On Mon, May 02, 2022 at 09:58:35AM +0200, Marc-Andre Lemburg wrote:

> Just a word of warning: numeric bases are not necessarily the same
> as numeric encodings. The latter usually come with other formatting
> criteria in addition to representing numeric values, e.g. base64 is
> an encoding and not the same as representing numbers in base 64.

Correct. base64 is for encoding byte-strings, not numbers:

>>> binascii.hexlify(b"Hello world")
b'48656c6c6f20776f726c64'

Of course we can treat any byte string as a base-256 number, in which 
case "Hello world" has the value 87521618088882671231069284.

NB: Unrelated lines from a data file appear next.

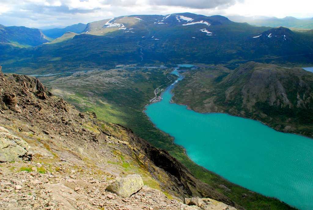 Langsam wurde die weitere Route (vermeintlich) erkennbar, wir liefen immerhin schon auf einem Bergrücken. Nach ca. 2h erreichten wir einen ersten, kleineren Gipfel mit ca. 1.500m Höhe, von da aus ging es erst einmal wieder leicht hinab. Ab hier konnte man auch die namensgebende „Schlüsselstelle“ der Besseggen-Wanderung sehen: Den schmalen Grat, der den (links im Bild gelegenen) blauen Bessvatnet vom smaragdfarbenen Gjende-See (rechts) trennt. Es wirkt so, als lägen die beiden Seen ganz dicht beieinander, tatsächlich trennen sie aber rund 400 Höhenmeter.
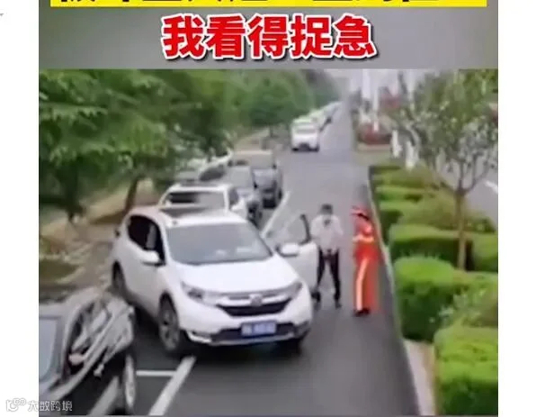 帮男子停车的环卫工姓朱,今年46岁了
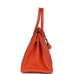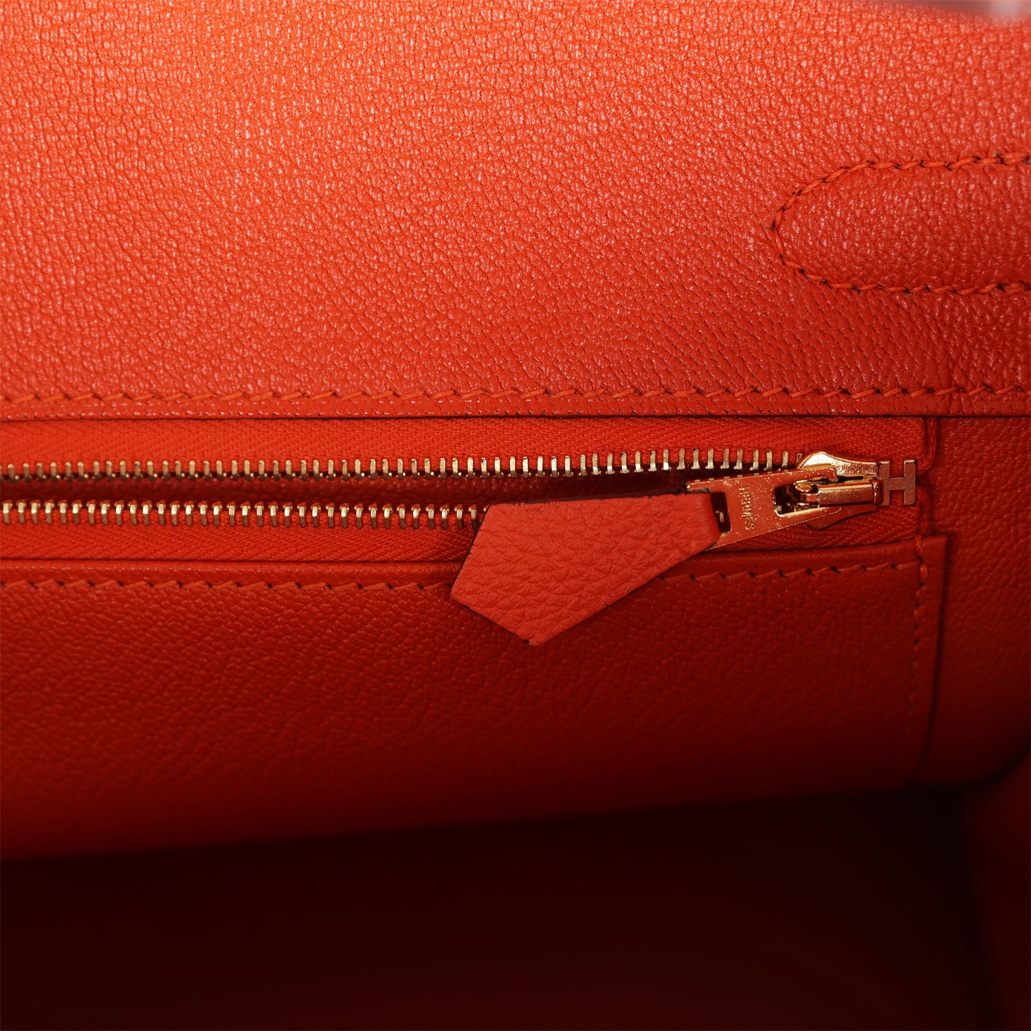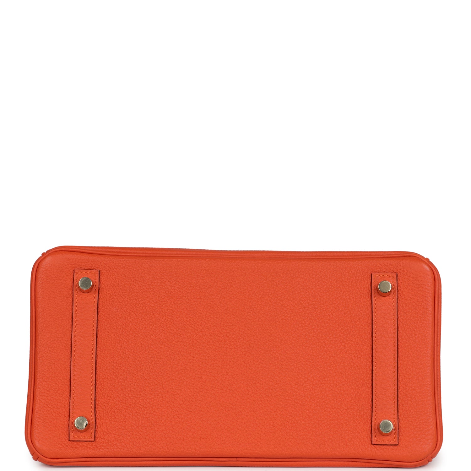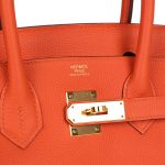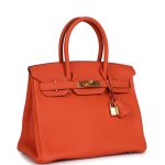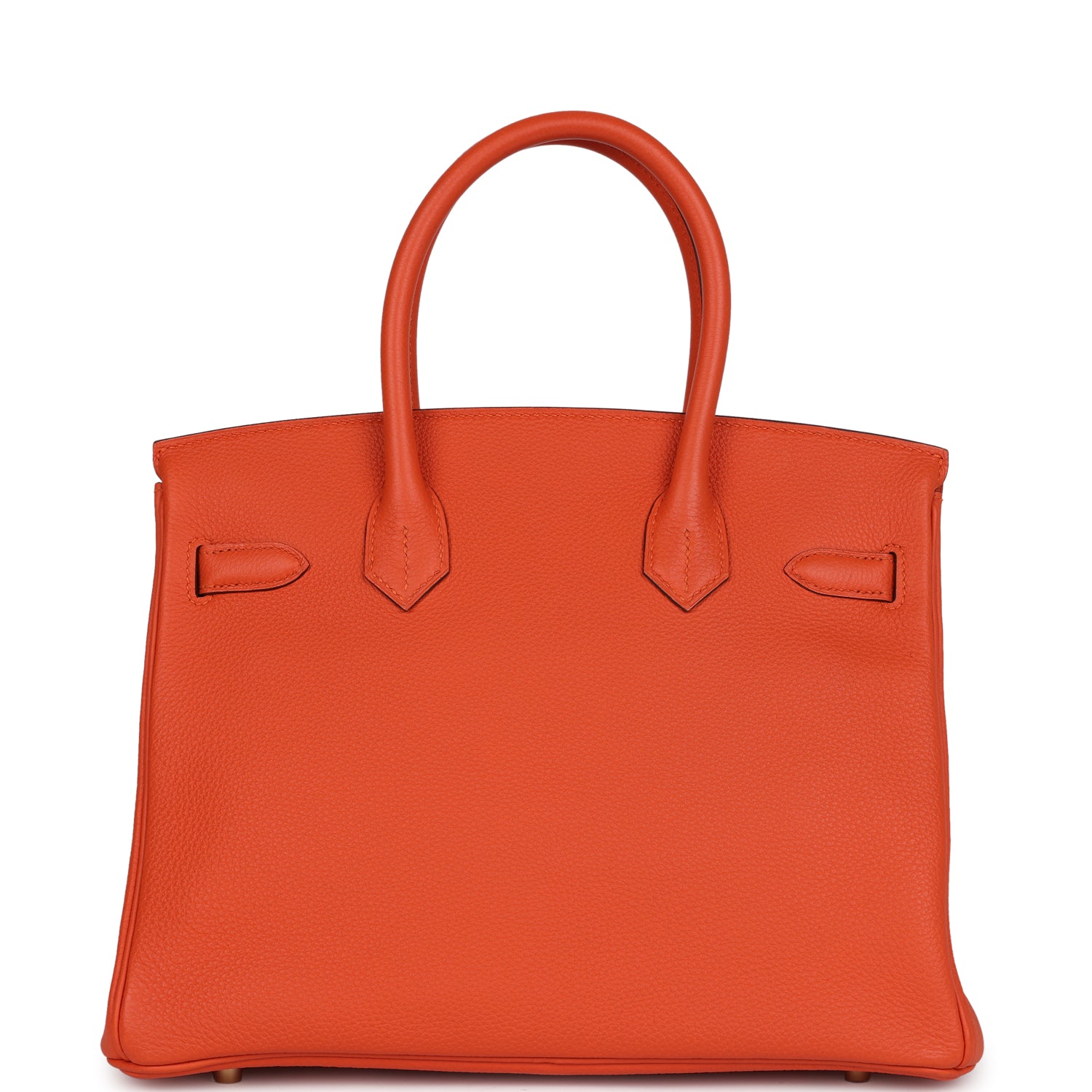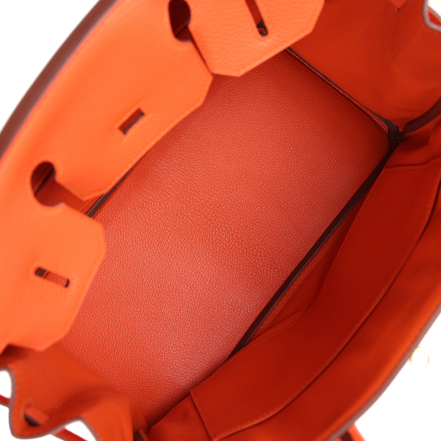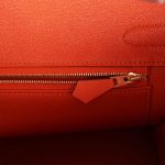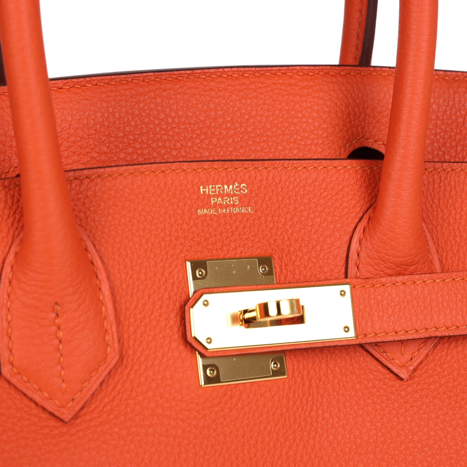 This Birkin is in Feu togo leather with gold hardware and has tonal stitching, front flap, two straps with center toggle closure, clochette with lock and two keys and double rolled handles.

There's no obvious collation/alphabet to use for base 64, but if we use (say)

    ASCII digits + uppercase + lowercase + "!@"

then that "Hello world" number 875...284 above is:

    4XbR6nl87TlScna (in base 64)

which is completely different from the base64 encoding.

By the way, in base 64 that "Hello world" number has:

* digital sum of 445;
* digital root of 4, with persistance of 3;
* digital product of 261040984907288205312;
* zero-free digital product root of 48, with persistance of 7.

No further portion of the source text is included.